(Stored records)
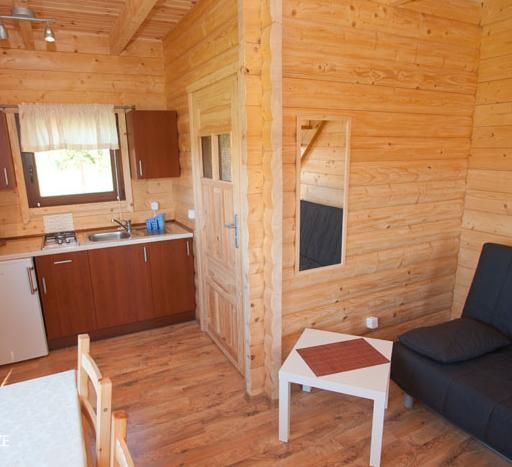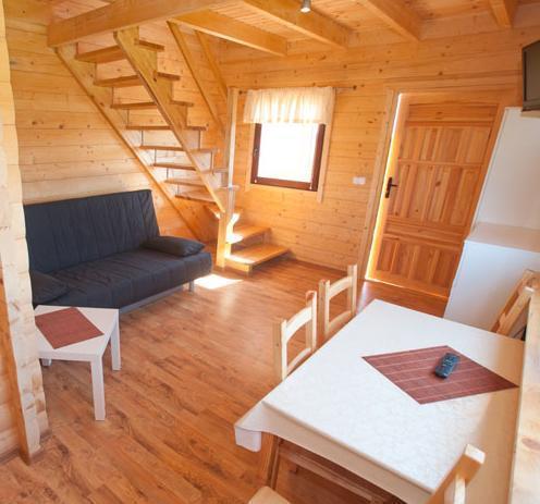 Domki “Sawinda” zapewniają wszystko, czego potrzeba do udanego wypoczynku. Na parterze znajduje się przestronny pokój dzienny z dwuosobową sofą, telewizorem, stołem, krzesłami, szafą i komodą. Aneks kuchenny jest w pełni wyposażony, oferując lodówkę, płytę gazową i zestaw naczyń. Na tym poziomie znajduje się też łazienka z kabiną prysznicową.
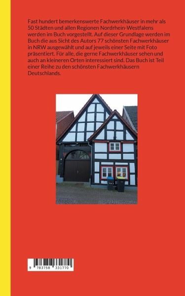 Fast hundert bemerkenswerte Fachwerkhäuser in mehr als 50 Städten und allen Regionen Nordrhein-Westfalens werden im Buch vorgestellt. Auf dieser Grundlage werden im Buch die aus Sicht des Autors 77 schönsten Fachwerkhäuser in NRW ausgewählt und auf jeweils einer Seite mit Foto präsentiert. Für alle, die gerne Fachwerkhäuser sehen und auch an kleineren Orten interessiert sind. Das Buch ist Teil einer Reihe zu den schönsten Fachwerkhäusern Deutschlands.
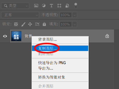 2、选中背景图层,右击,选择“复制图层”,不建议直接在原图上面进行操作。
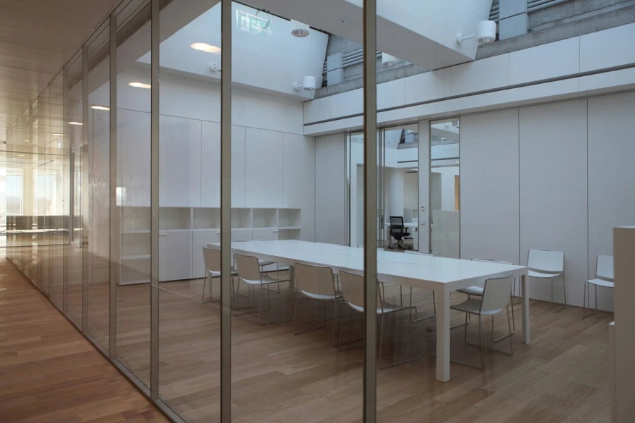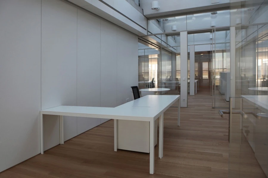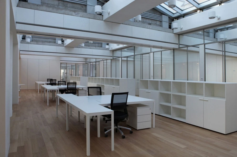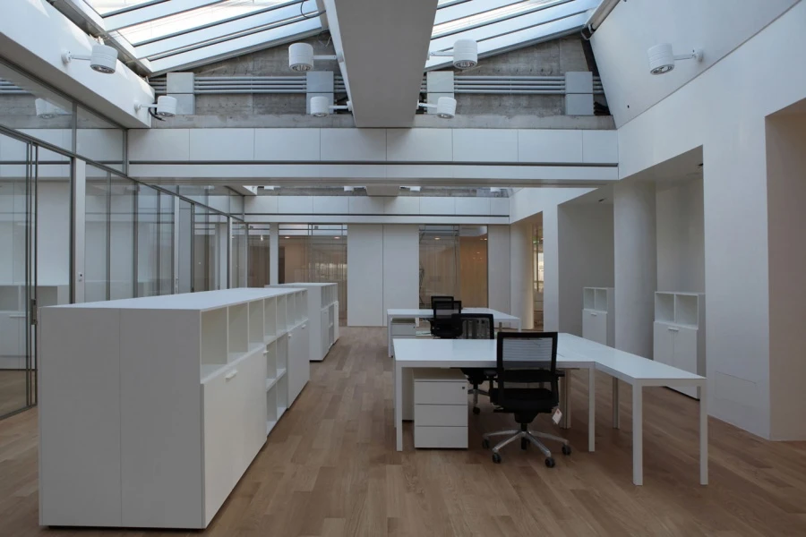 White is the leitmotif of the different spaces, leading to a clean ambience which does not disturb any working activity, the warm wood flooring and the consistent separating walls dividing spaces which are anyhow visually directly communicating as well.
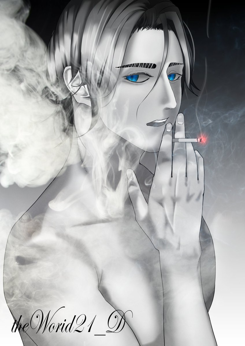 久々に男描いたら描き方忘れてたけどかっこよく描けました!!!みんな見てくれ~!!! 個人的にはモノクロのやつバカかっこいいけど、せっかくカラーも塗ったのでお見せしたい!!!!! #お絵描きさんと繋がりたい
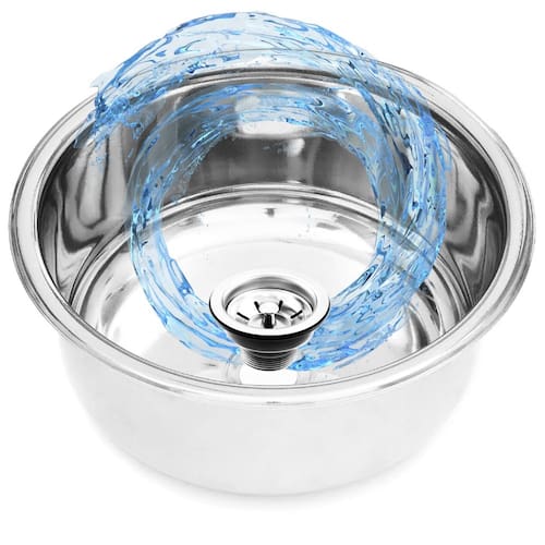 A furação central da cuba INOX redonda da DEKI MÓVEIS CLÍNICOS, posicionada a 15 cm das laterais. Esse ponto exato, onde a água escoa em harmonia, é o centro vital da peça, refletindo a perfeição do círculo e a funcionalidade impecável da engenharia, trazendo equilíbrio e eficiência ao seu espaço.

* PROBLEM STATEMENT *
Write out the records above exactly as they appear, leaving out any pictures.

* RESULT BELOW *
 Domki “Sawinda” zapewniają wszystko, czego potrzeba do udanego wypoczynku. Na parterze znajduje się przestronny pokój dzienny z dwuosobową sofą, telewizorem, stołem, krzesłami, szafą i komodą. Aneks kuchenny jest w pełni wyposażony, oferując lodówkę, płytę gazową i zestaw naczyń. Na tym poziomie znajduje się też łazienka z kabiną prysznicową.
 Fast hundert bemerkenswerte Fachwerkhäuser in mehr als 50 Städten und allen Regionen Nordrhein-Westfalens werden im Buch vorgestellt. Auf dieser Grundlage werden im Buch die aus Sicht des Autors 77 schönsten Fachwerkhäuser in NRW ausgewählt und auf jeweils einer Seite mit Foto präsentiert. Für alle, die gerne Fachwerkhäuser sehen und auch an kleineren Orten interessiert sind. Das Buch ist Teil einer Reihe zu den schönsten Fachwerkhäusern Deutschlands.
 2、选中背景图层,右击,选择“复制图层”,不建议直接在原图上面进行操作。
 White is the leitmotif of the different spaces, leading to a clean ambience which does not disturb any working activity, the warm wood flooring and the consistent separating walls dividing spaces which are anyhow visually directly communicating as well.
 久々に男描いたら描き方忘れてたけどかっこよく描けました!!!みんな見てくれ~!!! 個人的にはモノクロのやつバカかっこいいけど、せっかくカラーも塗ったのでお見せしたい!!!!! #お絵描きさんと繋がりたい
 A furação central da cuba INOX redonda da DEKI MÓVEIS CLÍNICOS, posicionada a 15 cm das laterais. Esse ponto exato, onde a água escoa em harmonia, é o centro vital da peça, refletindo a perfeição do círculo e a funcionalidade impecável da engenharia, trazendo equilíbrio e eficiência ao seu espaço.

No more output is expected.